Permissioning or access control remain a topic for further investigation. How do you share encryption keys between collaborators on a per document or per collection of documents basis? How do you reconcile read and write access control with the distributed nature of CRDTs? That is, the problem of making edits to a document offline where your write permissions were revoked by another user needs to be addressed.
In this article, we have looked at the viability of developing privacy focused collaborative applications, more specifically a privacy focused Google Docs alternative.
There exists a lot of prior work around building privacy focused web apps, local-first applications, p2p decentralised applications and end-to-end encrypted messaging. This article took a privacy centric view on combining ideas from existing projects with overlapping goals.
To achieve the total privacy of user created content, we need to utilise end-to-end encryption or transmit data p2p (or do both).

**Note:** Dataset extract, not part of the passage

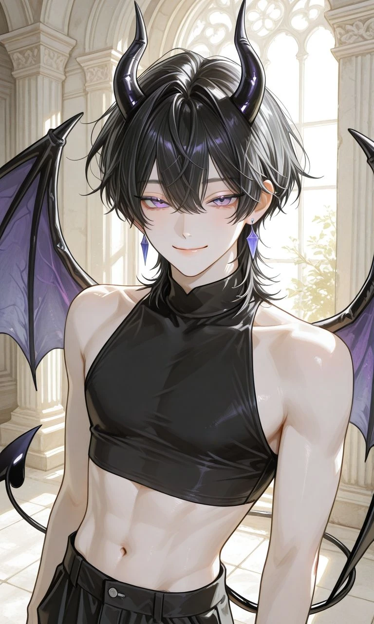 その瞬間、紫の瞳がわずかに光り、空気が震えた。 黒い羽根は霧のようにほどけ、角と尻尾は宙に溶けるように消えていく。

Using either of the approaches puts restrictions on application architecture, leading to a conclusion that a native desktop/mobile local-first application would provide the best experience today. This is primarily due to the need of having to store all of the data locally in full.
We then looked at how a local-first CRDT based database could serve as the foundational core for enabling collaborative applications. We considered the challenges of efficiently and securely transmitting CRDTs between collaborators as well as efficiently storing backups of CRDT data. While building a local-first CRDT database with centralised sync and backup seems to be possible, adding p2p or encryption requirements introduces significant challenges.
All in all, the full set of requirements presented in this article are highly ambitious and the viability of such a project remains an open question. I am optimistic, however, given the truly impressive achievements of some of the existing projects presented in this article. I predict a new wave of local-first databases as well as real-time CRDT based web frameworks emerging in the near future. However, adding end-to-end encryption into the mix requires additional careful and dedicated effort.
Technology keeps delighting and surprising in how powerful and society shaping it is. Even if the incentives for creating more privacy focused software remain misaligned, I’m excited to see the field pushing ahead and I am looking forward to the next decade of innovation in the local-first, privacy focused, decentralised and collaborative tech.